Victor has escaped his life as a slave, but his freedom came at a high price. Striking a bargain with the government, he has to live his life working as a bounty hunter. And he is the best they’ve ever trained.
A mystery to himself, Victor tries to suppress his memories of his own childhood and convinces himself that he is just a good man doing bad work, unwilling to give up the freedom he is desperate to preserve. But in tracking his latest target, he can sense that that something isn’t quite right.
For this fugitive is a runaway holding something extraordinary. Something that could change the state of the country forever.
And in his pursuit, Victor discovers secrets at the core of his country's arrangement with the system that imprisoned him, secrets that will be preserved at any cost.
‘It is a rare thing when a writer has a fresh new provocative idea – and then executes it beautifully. This is what Ben H. Winters has done in his novel Underground Airlines. Imagine an America in which slavery still exists.

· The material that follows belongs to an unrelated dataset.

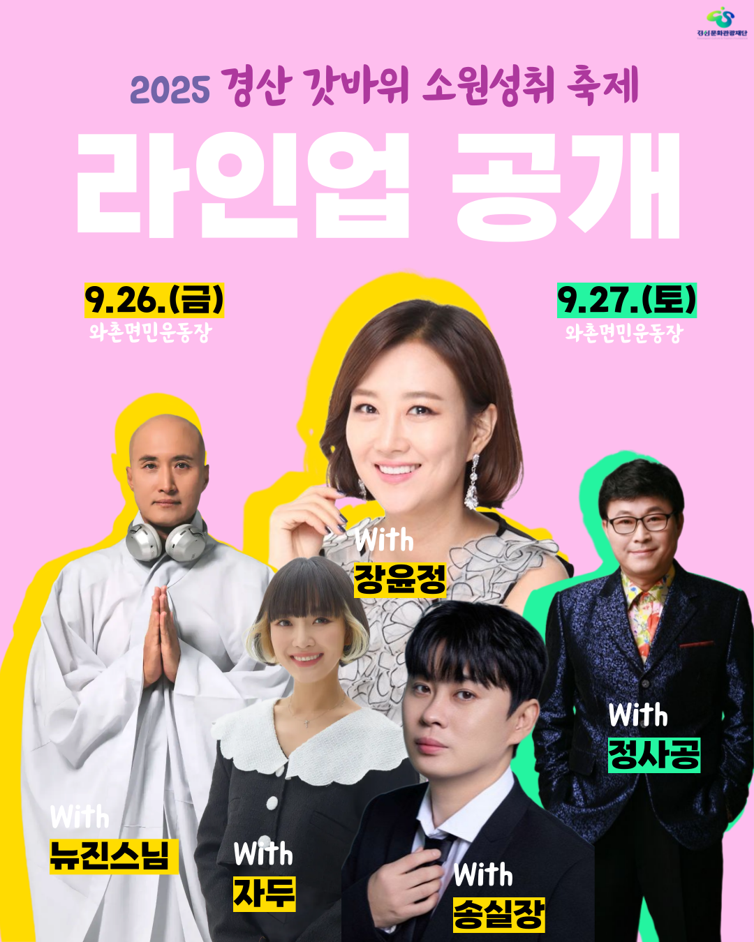2025 경산 갓바위 소원성취축제가 오는 9월 26일(금)부터 9월 28일(일)까지 3일간, 경산 갓바위 주차장과 와촌면민운동장에서 열립니다.

Now imagine a dramatic telling of the story.’ James Patterson
PUBLISHERS WEEKLY
Ralph Ellison's The Invisible Man meets Blade Runner in this outstanding alternate history thriller from Edgar-winner Winters (The Last Policeman). Victor, an African-American bounty hunter for the U.S. Marshals Service, possesses a supreme talent for tracking down runaway slaves in a world in which there was no Civil War and slavery still exists in four Southern states. He's a master of disguise and dissembling. Victor tracks a runaway slave code-named Jackdaw to Indianapolis, Ind., where he ingratiates himself with Father Barton, a purported leader of an abolitionist organization called Underground Airlines, and succeeds in penetrating the group. But soon thereafter Victor impulsively befriends Martha Flowers, a down-on-her-luck white woman traveling with her young biracial son, Lionel, a kindness that soon jeopardizes Victor's carefully constructed cover identity. The novel's closing section contains several breathtaking reversals, a genuinely disturbing revelation, and an exhilarating final course of action for Victor.
Customer Reviews
Thought-provoking
The most worrying element of this story is the plausibility of this scenario. What could have been and what could still be.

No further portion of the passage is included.